W USA miał miejsce przypadek, który wstrząsnął światem. W czerwcu br. 16-letni Ethan Couch śmiertelnie potrącił czwórkę ludzi w wieku od 21 o 41 lat. Couch jechał z siódemką pasażerów, z których czwórka wypadła z pojazdu podczas wypadku. Wskutek poniesionych obrażeń, jeden z nich jest całkowicie sparaliżowany.
Sąd dla nieletnich skazał go na 10 lat więzienia. Wyrok nie zostanie jednak wykonany z przyczyn, które większość uzna za absurdalne. Obrońca Coucha w sądzie powołał się na opinię psychologa Dicka Millera. Stwierdził on, że 16-latek cierpi na chorobę zwaną z angielska "affluenza", która zaburza racjonalne myślenie wskutek nadmiernego dobrobytu. Osoba cierpiąca na tę przypadłość nie jest świadoma konsekwencji swoich czynów.
Podłoże tej choroby w przypadku Coucha stanowi... nadmierne bogactwo rodziców oraz zbyt pobłażliwe wychowanie. Dowodem na to ostatnie może być sytuacja przytoczona przez psychologa. Kiedy delikwent miał 15 lat, policja znalazła go w samochodzie z nagą i nieprzytomną 14-latką. Rodzice nie wyciągnęli wobec niego konsekwencji.
Adwokaci Coucha sugerują, że powinien on odbyć terapię, mającą na celu wyleczenie go z tej przypadłości.
podk***ione skądś tam
Dlatego w kapitalizmie nigdy nie będzie dobrze. Założenie, że jakiekolwiek sądy mogą być bezstronne w sytuacji gdy na ławie oskarżonych zasiada osoba o majątku przekraczającym 1000-krotnie majątek szarego człowieka, jest naiwne.

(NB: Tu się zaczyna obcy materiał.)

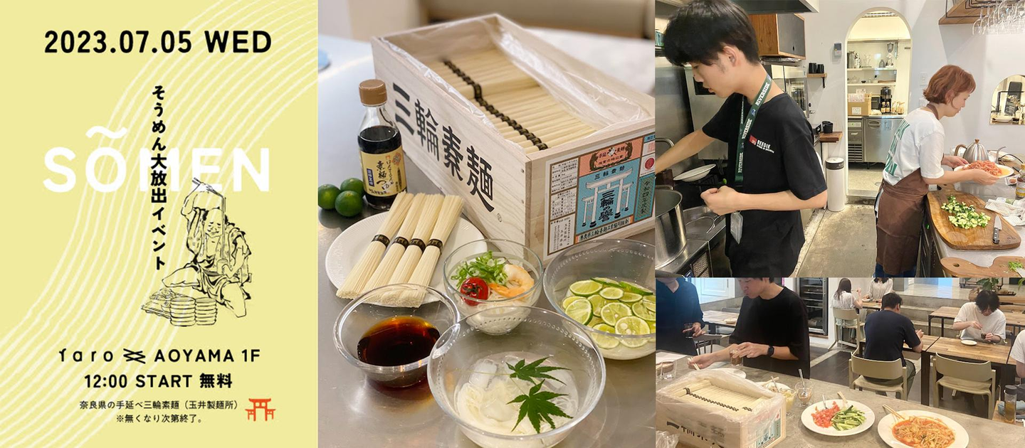 コロナ禍で減少したオフィス内の交流機会を増やすため、さまざまなイベント企画を実施しました。FARO青山10周年イベントでは、バリスタさんを招いた1日カフェや、代表の堀さんの出身地である奈良の三輪そうめんを振る舞うランチイベントを企画しました。いずれも忙しい仕事の合間に気軽に立ち寄れることがポイントですが、FAROのコンセプトのひとつである『食』を通じて、生産地や生産者のストーリーも楽しめるイベントとなるよう工夫しました。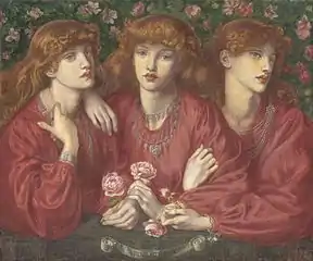 Тройные портреты являются давней традицией в истории искусства, их заказывали король Карл I и кардинал Ришельё для того, чтобы впоследствии по ним могли работать скульпторы[1]. Россетти был знаком с этими известными работами Антониса Ван Дейка и Филиппа де Шампаня, но его тройные женские портреты несут иную цель — показать красоту одной женщины в различных ракурсах[1]. В то же время, работа несёт в себе ассоциацию с мифологическими женщинами — тремя грациями и тремя мойрами[1]. Тематика тройственности не впервые находит отражение в творчестве Россетти, в 1852 году он создал эскиз картины «Три Марии у подножия креста», в 1854 — «Девы эльфийского народа», иллюстрацию к балладе Вильяма Аллингама с тремя эльфийками[1].

Ten system owszem nagradza pomysłowych i pracowitych, ale również bezwzględnych, drapieżnych i przekupnych i to często dużo bardziej hojnie niż tych uczciwych.
Dodam, że gdyby zaostrzyć prawo jak chcą niektóre partie prawicowe, to nie można by było używać wymówek "ale ja jestem za biedny/za bogaty/za głupi/rodzice mnie nie kochali" i szło by się do więzienia na podstawie samego czynu.
bo bogaty przyfarciłł, więc kapitalizm jest zły
dobry adwokat każdemu człowiekowi, bogatemu czy biednemu, znajdzie jakąś wymówkę, szkoda, że sędzia okazał się debilem i w to uwierzył.
Z Marksa mi zacytowałeś ten opis kapitalizmu człowieku? To, że chcę sam o sobie decydować, nie chcę być ograniczony przez setki durnych praw, i nie chcę być okradany, aby moja kasa została rozdana nierobom z wydajnością 30%, czyni mnie człowiekiem, dla którego jedyną wartością jest pieniądz?
W twoim ukochanym socjalizmie setki ograniczeń prowadzą do zwiększenia władzy partii i w końcu do totalitaryzmu, w którym z kolei partyjni byliby nietykalni w sądzie... żaden system nie jest idealny, ale socjalizm i jego pochodne są po prostu zbrodnicze.
Jak chcesz decydować, kto dostanie tego obrotnego adwokata? Losowo?
OK, załóżmy, że tak jest. Co to ma wspólnego z kapitalizmem? Jak chcesz decydować, kto dostanie tego obrotnego adwokata? Losowo? To losowy człowiek mnie wyr*cha zamiast bogatego, dla socjalisty to może brzmi lepiej ale dla mnie nie bardzo...
PS, sam spójrz jak opisujesz kapitalizm, co innego ci mogę odpowiedzieć, jebie marksizmem i komunizmem od tego.
Korwinem się nie podniecam dla twojej wiadomości. Mi zarzucasz jednostronne, biało-czarne spojrzenie, a sam pokazujesz to samo.